We have all been there – scrolling through TikTok until the early hours whilst letting out a small giggle at a slew of videos on your feed. We watch 30-second re-runs of our favourite reality TV, comedy movies, interviews, and day-in-the-life videos of content creators. It makes us happy, right? Wrong. This quick dopamine reward is merely a facade when it comes to your long-term happiness, and TikTok is reversing its toxic output with a new well-being trend, aptly titled “dopamine detox”.
“Dopamine detox” is going viral for telling users to take a quick break from social media, with video games, films, TV series, and music all included. If you take a step back, indulging in these media forms can leave us feeling exhausted and overstimulated, with research affirming that the correlation between being permanently on your phone and your own mental well-being is massive. The premise behind the detox is that the joy we get from social media attaches itself to the reward centre of the brain, which activates dopamine – the neurotransmitter responsible for pleasure, satisfaction, and motivation. This floods the brain with a wholehearted hit and makes us want to seek it out more and more so we feel this way at the click of a button (literally). We are then stuck having to find this hit of pleasure until it consumes our lives, and we struggle to find a quick solution elsewhere.

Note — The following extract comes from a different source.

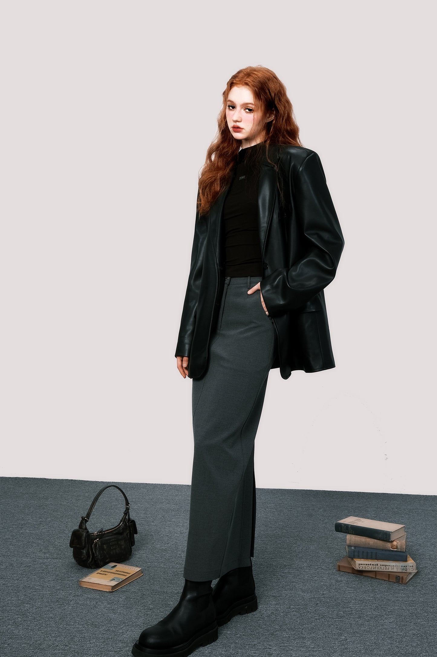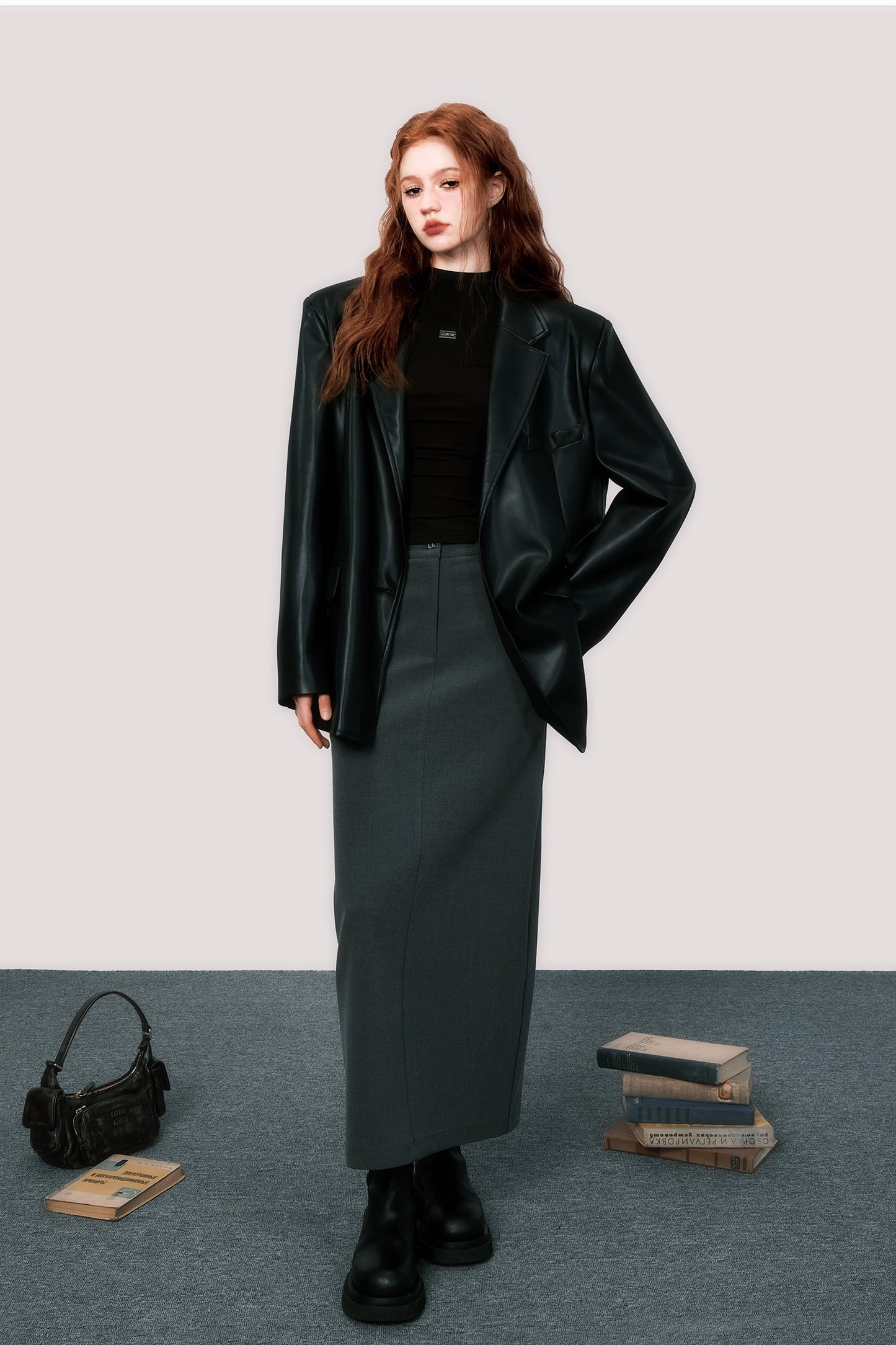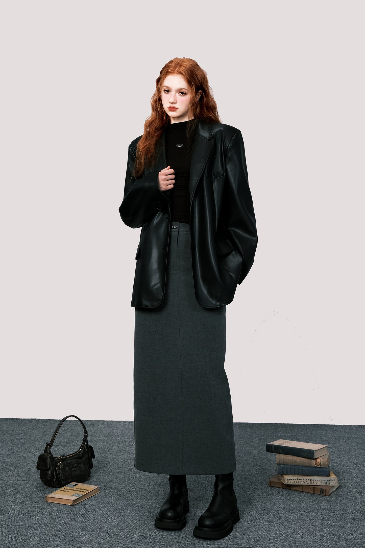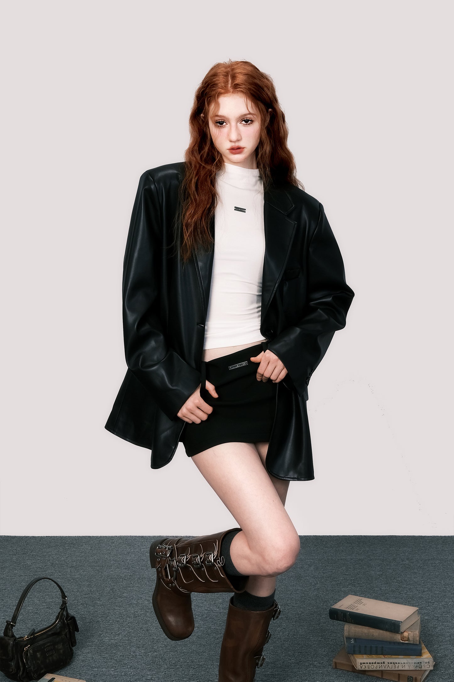 Oversized retro leather suit jacket
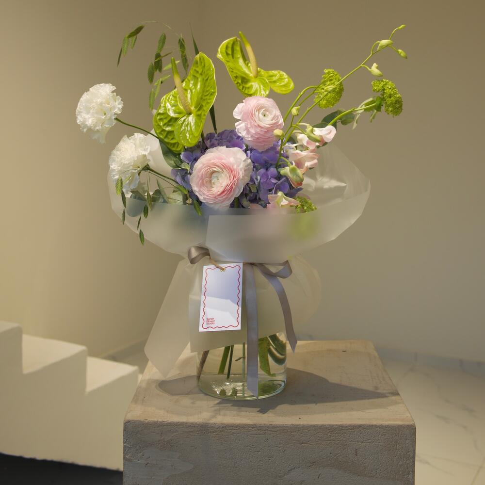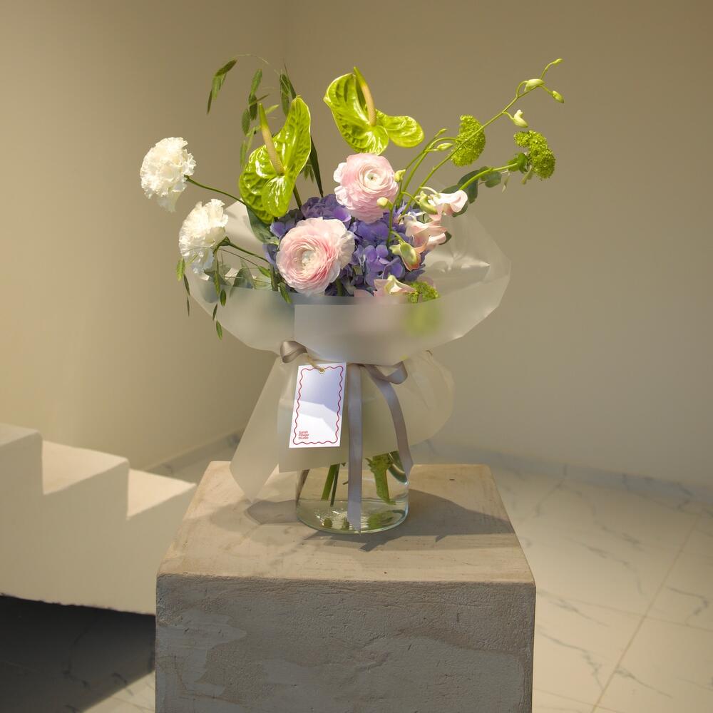 Антуриум - 2 дана Вибурнум - 3 дана Гортензия - 1 дана Ранункулюс - 2 дана орхидея - 1 дана эустома белая - 2 дана

Surprisingly, Gen Zers are actually keen on the idea of breaking away from the social media cycle and have latched onto the dopamine detox rather enthusiastically. But this isn’t the first time the detox has hit the masses, and in 2019 dopamine fasting became a popular wellness trend for busy professionals, according to the New York Times. However, this also included abstaining from reading, eating food, and having sex – a real bummer. But this time around, 2023 dopamine detoxers aren’t going quite as extreme, and are taking the trend with a more realistic approach by introducing smartphone abstinence in short cycles.
#Dopaminedetox has garnered nearly 72 million views on TikTok, and the following is only growing. It resembles a structured version of “taking a break from social media”, but is a bit more scientific and regimented. Despite a handful of sceptics, various users sharing their experiences are saying that it does work, and they have left their detox feeling more fulfilled and stimulated. Some are even saying that their need to use social media as a coping mechanism has forced them to confront their emotions and detangle their thoughts, which contributes to a better sense of self and happiness in the end.